Il se traîna sur les genoux. (Page 141.)

― Non, mais elle sera inquiète. Je ne l’embrasserai pas : partons. Chemin faisant, nous trouverons un motif à lui donner de mon absence et un exprès à lui envoyer.

― Ce serait fort dangereux pour elle et pour nous, reprit le moine. Laissez-moi faire : c’est cinq minutes de retard, mais il le faut. »

Il rejoignit la princesse, et lui parla ainsi en présence du marquis :

« Carmelo est caché dans notre couvent ; il est dans les meilleurs sentiments pour Votre Altesse et pour Michel. Il veut se réconcilier avec lui avant de partir pour une longue expédition que nécessite l’affaire de l’abbé Ninfo et les rigueurs ombrageuses de la police depuis ce moment-là. Il a aussi quelques services à demander à son frère. Permettez donc que nous partions ensemble, et si nous étions observés, ce qui est fort possible, je garderais Michel au couvent jusqu’à ce qu’il pût en sortir sans danger. Fiez-vous à la prudence d’un homme qui connaît ces sortes d’affaires. Michel passera la nuit peut-être au couvent, et quand il resterait plus longtemps, ne vous alarmez pas, et surtout ne l’envoyez pas chercher ; ne nous adressez aucun message qui pourrait être intercepté et nous faire découvrir donnant asile et protection au proscrit. Que Votre Altesse me pardonne de ne pouvoir en dire davantage pour la rassurer. Le temps presse ! »

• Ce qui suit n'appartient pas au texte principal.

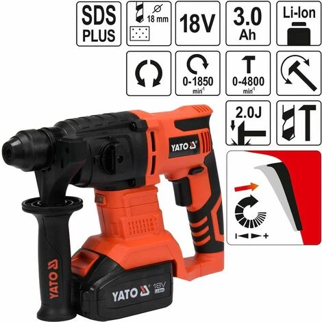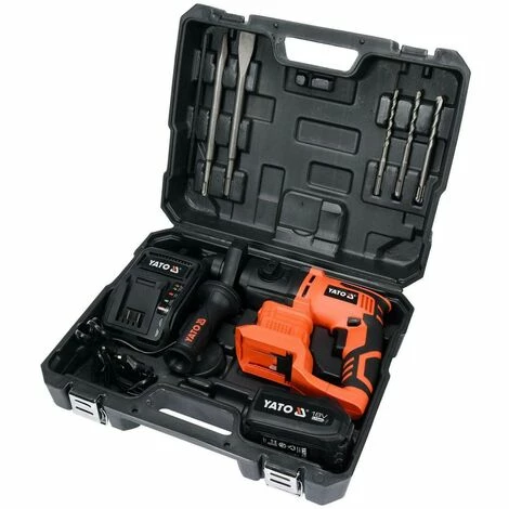 Leichter und ergonomischer Akku-Schlagbohrmaschine SDS-plus YATO mit Schlagfunktion. Dank seines geringen Gewichts, seines kurzen Körpers und seiner Batterieversorgung ist der SDS-plus YATO ideal für Zwischendecken und Reihenbohrungen in Beton. Empfohlen für Installateure, Elektriker.

Quoique fort effrayée, Agathe cacha son émotion, embrassa Michel, et le reconduisit jusqu’à la sortie du parc ; puis elle l’arrêta :

« Tu n’as point d’argent sur toi, dit-elle ; Carmelo peut en avoir besoin pour sa fuite. Je cours t’en chercher.

― Les femmes pensent à tout, dit Fra-Angelo ; j’allais oublier le plus nécessaire. »

Agathe revint avec de l’or et un papier qui portait sa signature, et que Michel pouvait remplir à son gré, pour servir de mandat à son frère. Magnani venait d’arriver. Il devina, à l’agitation de la princesse et aux adieux que lui faisait Michel, en la rassurant, qu’il y avait un danger réel que l’on cachait à cette tendre mère.

« Est-ce que je vous serai nuisible si je vous accompagne ? demanda-t-il au moine.

― Tout au contraire ! dit le moine, tu peux nous être fort utile au besoin. Viens ! »

Agathe remercia Magnani par un des regards de l’amour maternel qui sont plus éloquents que toutes les paroles.

Le marquis eût voulu se joindre à eux, mais Michel s’y opposa.